Portable System Design Elements
Portable systems are designed to be smaller and lighter than desktops, and much of the development work that has been done on desktop components has certainly contributed to this end. Much of this development has been in simple miniaturization. For example, whereas 3.5-inch hard drives may be popular on desktops, most laptops would not have room for these devices. Instead, they normally use 2.5-inch hard drives, which are a direct result of the miniaturization that has occurred in hard-drive technology over the past few years. Some of the subnotebook and Tablet PC systems use even smaller 1.8-inch drives first made popular in portable music players.
In addition to miniaturization, however, advancements in three other areas have contributed greatly to the design of today's laptop computers: flat-panel displays, power systems, and thermal management.
Flat-Panel Displays
The sleek lines of flat-panel Liquid Crystal displays (LCDs) have caused them to be seen increasingly more often on desktops. It was not long ago, however, that these displays were almost exclusively in the domain of laptops.
A flat-panel display is one of the most visually apparent components of a laptop. They are also usually the component that has the greatest impact on the size, shape, and cost of a laptop. In the early days of portables, the only affordable portable display was the small CRT monitor, a device that was so power-hungry that it required AC power. These displays were also bulky, causing early portables to look like small suitcases. When gas-plasma displays became available, the size of portables diminished to that of a lunchbox or briefcase. Still, the power requirements of gas-plasma displays again mandated a nearby AC outlet. It was not until the development of large, low-power LCDs that the familiar clamshell-style, battery-powered laptop became a reality.

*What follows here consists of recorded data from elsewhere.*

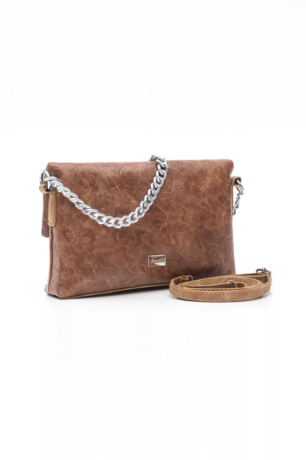 Soft μεσαία τσάντα πολυχρηστική καθώς μπορεί να κρατηθεί σαν φάκελος, χιαστί ή στον ώμο. Εντυπωσιακή φιγούρα ντυμένη με υλικό. Διπλώνει και κλείνει με δεύτερα μαγνητικά button. Βοηθητικές μικρές θέσεις στο εσωτερικό της τσάντας και μια βοηθητική τσέπη με φερμουάρ στο πίσω μέρος της. Διαθέτει αλυσίδα για τον ώμο και έξτρα χεράκι για χιαστί.Υλικό: Συνθετικό δέρμα σταμπωμένο με πυρογραφία με ανάγλυφο αποτέλεσμα.
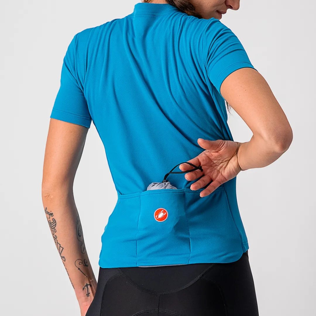 The ARIA SHELL W JACKET by Castelli offers lightweight protection from cold headwinds. The highly packable windbreaker jacket for women is quickly at hand when riding down a hill. Perfect as emergency vest.
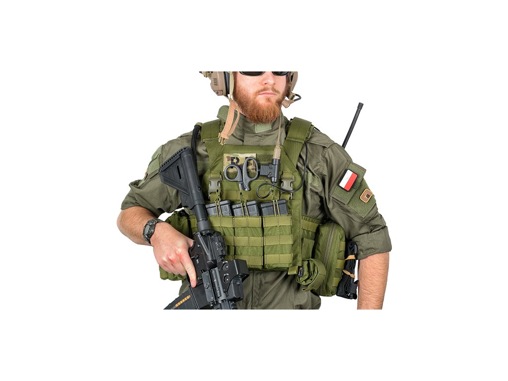 - Tento systém umožňuje operátorovi rychle sejmout přední panel panel, a nahradit jej širokou škálou víceúčelových sumek, pouzder, kapes, taktického vybavení, doplňků, a další spousty možností.

As the internal components of a laptop became increasingly small, the laptops gradually shrunk in size to the point where they were no larger than a paper notebook. Indeed, the category of notebook computers originally started out with a footprint no larger than 8.5x11 inches. In the past few years, however, as high-quality LCD screens became available in larger and larger sizes, the size of some notebooks also increased.
Low Power Consumption
Like the car that spends most of its time in a garage, or the pleasure boat that spends most of its time at the dock, portable computers spend most of their time in a decidedly non-mobile environmenton a desk connected to an AC power outlet. Take away a laptop's battery, however, and you have greatly diminished its value. In fact, one of the primary features of importance to a laptop buyer is the "battery life"the length of time the system can run on a single battery charge.
Environmental concerns are leading to the development of more efficient power-management technologies, but, obviously, operating a computer from a battery imposes system limitations that designers of desktop systems never had to consider before the advent of battery-powered portable systems. What's more, the demand for additional features, such as DVD and CD-RW drives, larger displays, and ever faster processors, has enormously increased the power drain on the typical system. The problem of conserving power and increasing the system's battery life is typically addressed in three ways:
· Low-power components Nearly all the components in today's portable systems, from CPUs to memory to displays and drives, are specifically designed to use less power than their desktop counterparts.
· Increased battery efficiency Newer battery technologies, such as lithium ion and lithium polymer, are enabling batteries and power supplies to be lighter and have greater capacities, allowing for longer battery life on a single charge.
· Power management Operating systems and utilities that turn off specific system components, such as disk drives, when they are not in use can greatly increase battery life.
Thermal Management
Perhaps a more serious problem than battery life in portable systems is heat. All electrical components generate heat, of course, and in the confines of a laptop this heat can be a significant problem. Inside a laptop, a large number of components are packed in a relatively small space, creating an extremely high concentration of thermal energy. This energy must somehow be dissipated. In most desktop systems, this is accomplished by using fans that continuously ventilate the empty spaces inside the system. Because fans use up battery power, however, portable systems must be designed to run fan-free most of the time and therefore employ innovative systems for moving and dissipating heat.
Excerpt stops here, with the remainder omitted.